Azure Is Down - social_quotient
https://status.azure.com/
======
pasttense01
"Multiple Services - Mitigated

Summary of Impact: Between 00:57 and 03:40 UTC on 20 Nov 2019, customers and
services utilizing Azure Front Door (AFD) services were impacted by an
infrastructure service failure. This resulted in a loss of connectivity to
multiple services reliant on AFD.

Azure Front Door services provide Edge caching and network entry point
services to the Microsoft global network. This issue impacted a large
percentage of Microsoft Services, though not all services were impacted. Many
impacted services were able to initiate fail over from the AFD platform,
providing immediate mitigation to their customers.

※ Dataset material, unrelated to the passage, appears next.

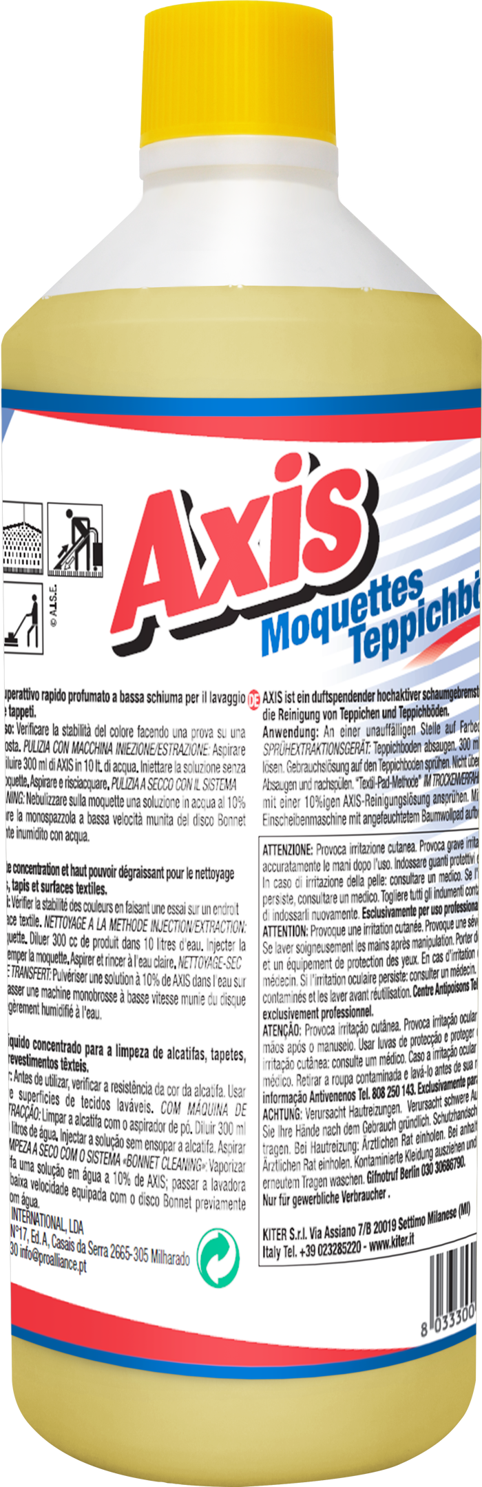 AXIS è un detergente professionale a bassa schiuma specifico per la pulizia profonda di moquette, tappeti e tappezzerie con macchine a iniezione/estrazione o sistema Bonnet. Ravviva i colori, lascia un profumo floreale persistente e si asciuga rapidamente. Non lascia residui, protegge dalle ricontaminazioni e non incrosta le attrezzature. Consigliato per rivestimenti in fibra sintetica. Uso riservato a professionisti con dispositivi di protezione.

Preliminary Root Cause: During a recent periodic deployment, initial safety
checks did not detect the issue and prevent the roll out. Monitoring detected
once service failure was experienced and alerted engineers.

Mitigation: Engineers immediately initiated deployment rollback procedures to
correct the underlying Azure Front Door issue. This was completed at 02:40 UTC
on 20 Nov 2019, at which point Impacted services began recovering.

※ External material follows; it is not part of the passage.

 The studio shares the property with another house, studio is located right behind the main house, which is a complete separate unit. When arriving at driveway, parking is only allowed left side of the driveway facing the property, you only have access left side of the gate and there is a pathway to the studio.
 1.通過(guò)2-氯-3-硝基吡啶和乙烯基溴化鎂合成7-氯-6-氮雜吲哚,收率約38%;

A detailed root cause analysis will be published within 72 hours."
[https://status.azure.com/en-us/status/history](https://status.azure.com/en-
us/status/history)

------
banana_giraffe
[https://twitter.com/AzureSupport/status/1196966470619500546](https://twitter.com/AzureSupport/status/1196966470619500546)

Funny to me that the cloud companies haven't put their status page on not-
their-cloud.

------
sasanrose
Azure is so down. lol. Nothing loads for us. Even the status page.

------
LilBytes
Yeah, seems to be the case. Office 365 blipped and shortly after came back up.
Other services like OneDrive are unavailable, as is the Azure portal.

------
alexnewman
Our website stayed up hooray! hcaptcha.com

------
romelsongalia
I can't connect to tfs :-(